4 Responses to Stories Of The Collapse Of Susquehanna Smallmouth Bass

  1. Lower Susquehanna Riverkeeper February 18, 2013 at 5:05 pm

    We appreciate your online petition, but we need to do more to get EPA to overturn the DEP’s decision not to list the lower Susquehanna River as impaired.

    I’m the Lower Susquehanna Riverkeeper and I’ve been studying the decline of the Smallmouth since 2005. Everybody knows the river should be declared impaired, EXCEPT the PA DEP. So we have to go over their heads to the EPA. PLEASE, if you have experienced this decline and can take a quick survey and write a letter, email me at


    I know some people need deadlines, so here it is. If you have experienced the decline in the Smallmouth fishing, if you don’t take your kids fishing on the Susquehanna because all of the Redeyes, Bluegills, and Sunfish have virtually disappeared, if you own a business that has suffered due to the decline of recreational fishing tourism- IT”S YOUR TIME TO SPEAK UP.

    We need you to do 2 things – fill out a survey and send a letter. We already have over 1,000 years of fishermen’s experiences in our survey, but more is better. We don’t have nearly enough letters yet. Please message me or email me now to get the survey:

    Please let us help you outline your letter to EPA to give it the most impact. Again, email me for instructions.

    • Christopher Smith February 18, 2013 at 6:05 pm

      I have written to the DEP as well and encouraged others to write their legislators.
      Thank you for all you do.

  2. Ken Maurer April 30, 2013 at 11:21 pm

    I almost hate to tell y’all this, but in the fall of 2012, I had some of the best smallmouth fishing of my life on the Susquehanna, and I’ve been fishing the Lady since the 60’s.

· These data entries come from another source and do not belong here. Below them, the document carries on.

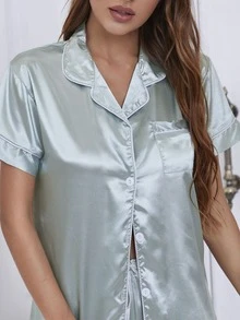 طقم بيجامة ستان بربطة امامية وبشريط مقوس متباين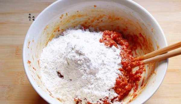 8.下圖是第二次加瞭面粉的狀態,每次都要攪拌均勻,使面粉和肉餡可以充分的融合。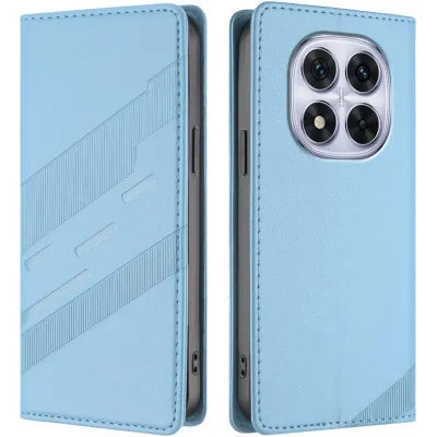 • Phonesta Embossed Lines Book Wallet Klapphülle für Xiaomi Redmi Note 14 Pro 5G/14 Pro Plus / Xiaomi Poco X7 - Hellblau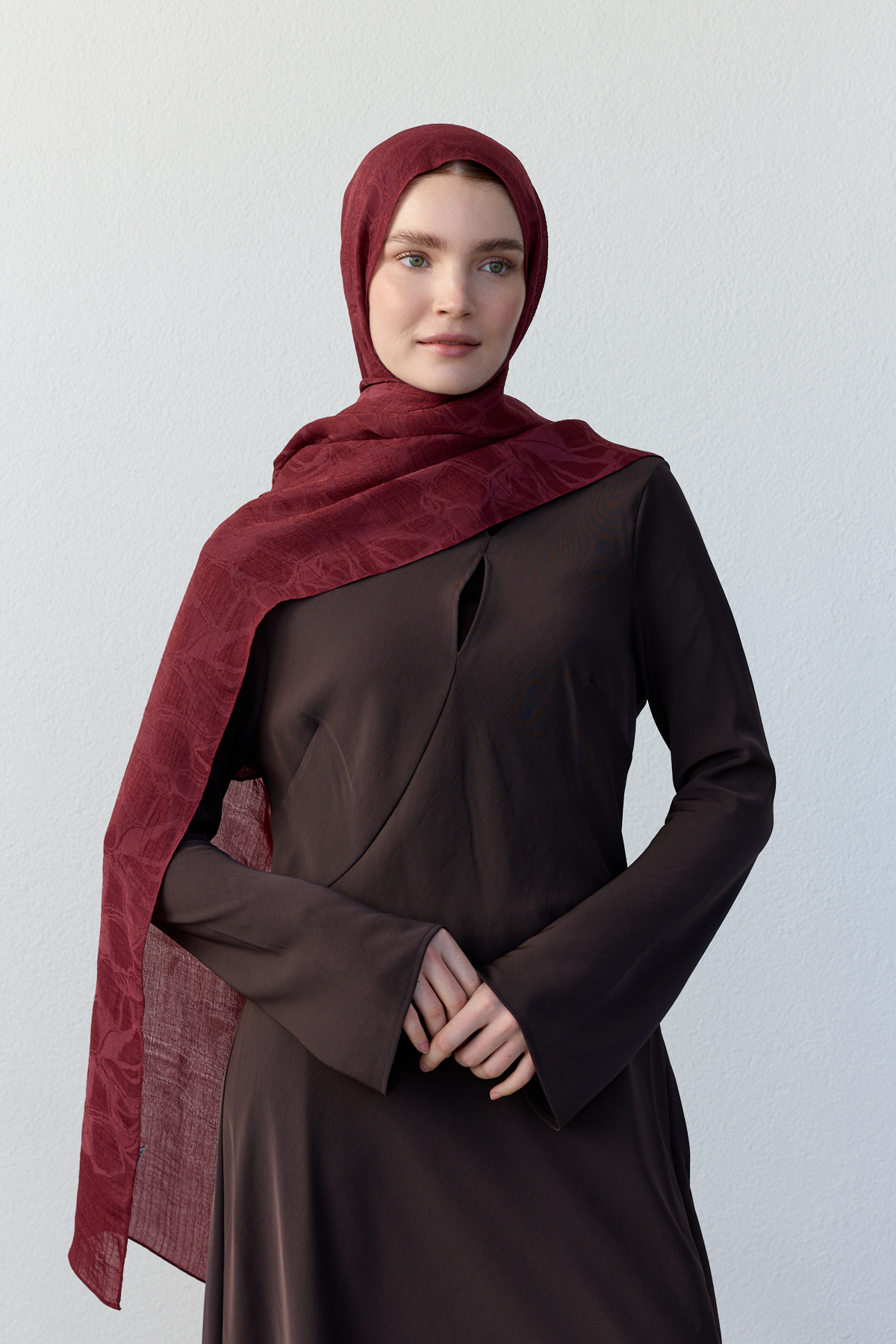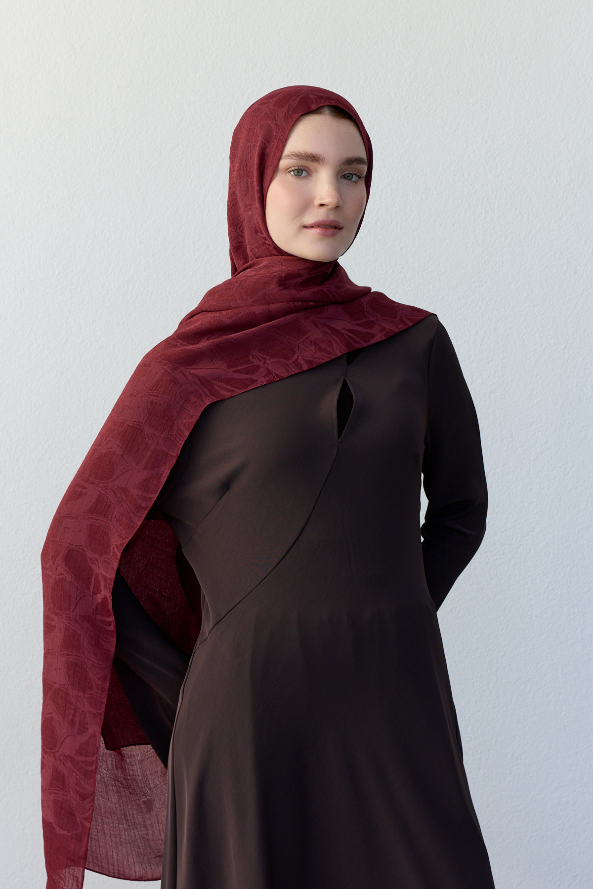 • Jakarlı dokuma detayı, şala doğal bir hareket ve şık bir görünüm kazandırır.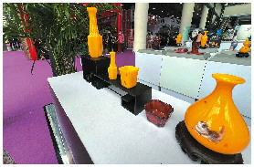 在琉璃展区,淄博康乾琉璃带来的鸡油黄、鸡肝石琉璃制品尽显高贵典雅。“鸡油黄”与“鸡肝石”是琉璃中著名的色料,鸡油黄琉璃烧制技艺几度失传,该项目传承人孙云毅系统改良了技术和配方,使其制作技艺得以保护、传承。淄博康乾琉璃经理丰婷婷称,孙云毅制造的复古琉璃鸡油黄光泽晶莹、温润凝重,其十余件作品被故宫博物院收藏,制作鸡油黄难度大,“十缸九不成”,精品极为难得。看到这些雅致、精美的琉璃作品,参观者无不赞叹。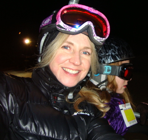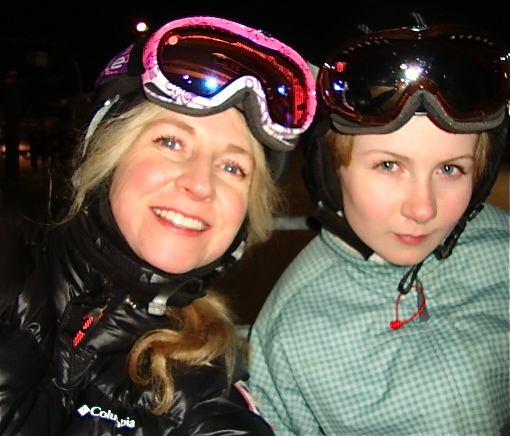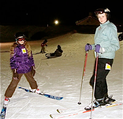 It is always a beautiful treat to be on the mountain at night. Tabs, Mist and I had the best time skiing. We stuck to green runs. Tabs was so adorable: she put her ski boots on in the van when we first arrived. It was dusk out, so she couldn’t see what she was doing very well. So, later on, after many runs and with the night full upon us, she complained to me that her ankles hurt–her ski boots were rubbing. I looked down and to my dismay, discovered she had her ski boots on the wrong feet! No wonder they hurt! I reminded her that the clasps go toward the outside. On one hand my heart was breaking for her sore ankles and on the other, I found the whole thing hilarious and had to stifle my laughter as to not hurt her feelings. Ski boots on the wrong feet look so…well… totally wrong!We stopped and changed her boots and all was well for the rest of the night. She only fell once and did a face plant. Mist helped her–losing one of her poles in the process. But we skied until the last chair. Pip didn’t want to ski so Peter took her skating. Then they had hot cocoa by the big bon fire beside the rink. A beautiful night… |

    • Christopher Smith May 1, 2013 at 2:25 pm

      Ken, I’m glad you posted because I hope that is a trend we keep seeing. If there is a true environmental problem, it would be nice to address it before it’s too late but if there is a cyclical ebb and flow of bass populations, maybe with time it will resolve.
      I’m curious where you are fishing and if you are seeing many small bass. I think many are experiencing the problem around Harrisburg and south. We are seeing larger bass but not many young ones there.
      What has been your experience.